The following commit(s) were added to refs/heads/master by this push:
     new d8ddff8f Fix heap-use-after-free in ~AgentCombiner (#3291)
d8ddff8f is described below

commit d8ddff8f7b7b4f250fc1b2ea0816043747134ef9
Author: Bright Chen <[email protected]>
AuthorDate: Sun May 10 22:34:47 2026 +0800

    Fix heap-use-after-free in ~AgentCombiner (#3291)
    
    After PR #2949 changed Agent::combiner from a raw pointer to a
    weak_ptr, MultiDimensionTest.shared started to fail under ASAN with a
    heap-use-after-free in clear_all_agents() called from ~AgentCombiner.
    
    Root cause
    ----------
    std::shared_ptr makes its weak_ptr expire the instant use_count drops
    to 0, while ~AgentCombiner only starts running after that.
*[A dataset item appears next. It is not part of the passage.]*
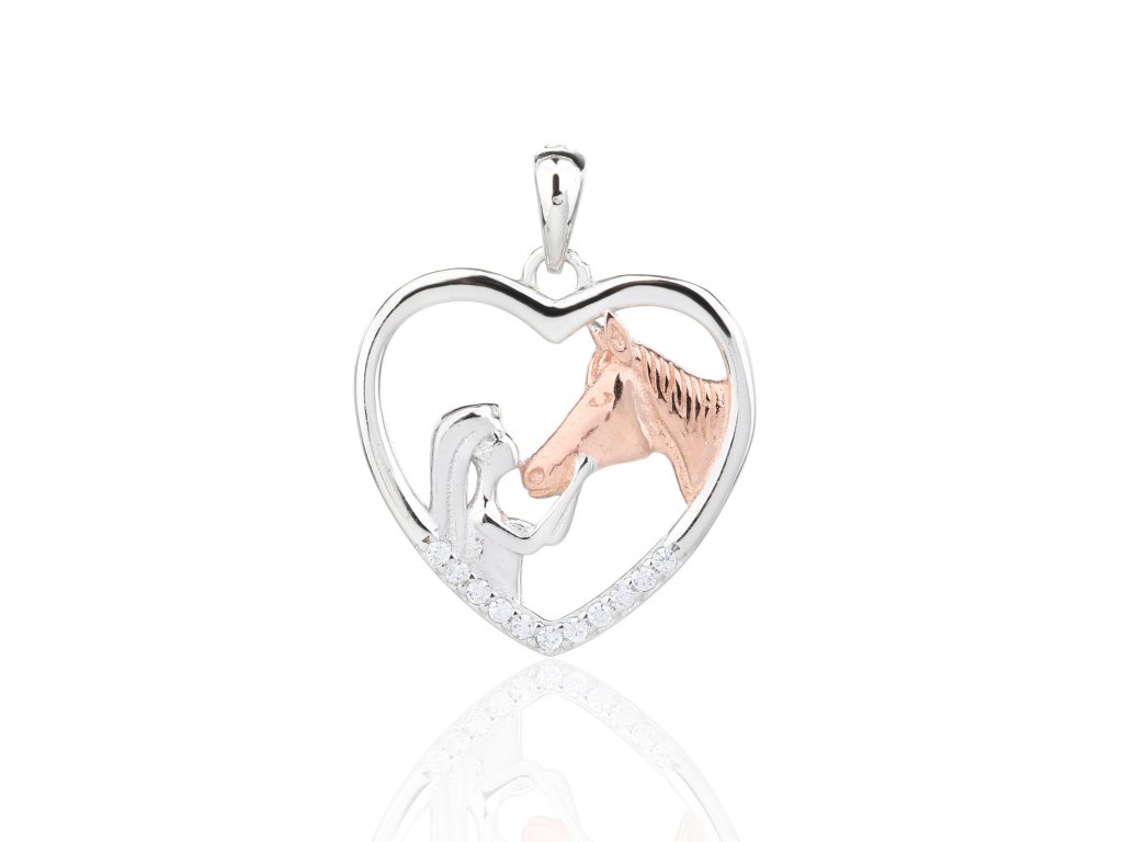Stříbrný přívěsek kůň s dívkou rose v srdíčku

The two
    events therefore form a race window between two threads:
    
        * thread A: last shared_ptr<AgentCombiner> released
                    use_count -> 0   -> weak_ptr expired
                    ~AgentCombiner -> clear_all_agents() takes _lock and
                                      starts walking _agents
        * thread B: thread exits, _destroy_tls_blocks() deletes ThreadBlock,
                    each ~Agent calls combiner.lock() which now returns null
                    (weak_ptr already expired), so commit_and_erase() is
                    skipped and the Agent is freed while still linked into
                    A's _agents list
        * thread A: dereferences a freed LinkNode in clear_all_agents() ->
                    heap-use-after-free
    
    Fix
    ---
    Don't traverse _agents from ~AgentCombiner. Letting _agents go out of
    scope is safe because:
    
      * butil::LinkedList and butil::LinkNode have trivial destructors and
        never traverse on destruction, so tearing down _agents does not
        dereference any agent node.
      * Surviving Agents simply observe combiner.expired() == true in
        ~Agent and skip commit_and_erase, leaving prev_/next_ dangling but
        never read.
      * If the freed agent_id is later reused by a new combiner and the
        same TLS slot is taken, get_or_create_tls_agent calls Agent::reset
        and Append's it into the new combiner's _agents.
        LinkNode::InsertBefore only writes prev_/next_ (it never reads
        their stale values), so the dangling pointers are safely
        overwritten.
      * Agent::element is destroyed together with its ThreadBlock, so any
        non-POD resource it holds is still released; if the agent slot is
        reused, Agent::reset rewrites the element value before it is
        observed again.
    
    The body of clear_all_agents() is kept (commented out) for reference,
    together with a NOTE explaining why it must not be re-enabled from
    ~AgentCombiner.
---
 src/bvar/detail/combiner.h | 70 +++++++++++++++++++++++++++++++++++++---------
 1 file changed, 57 insertions(+), 13 deletions(-)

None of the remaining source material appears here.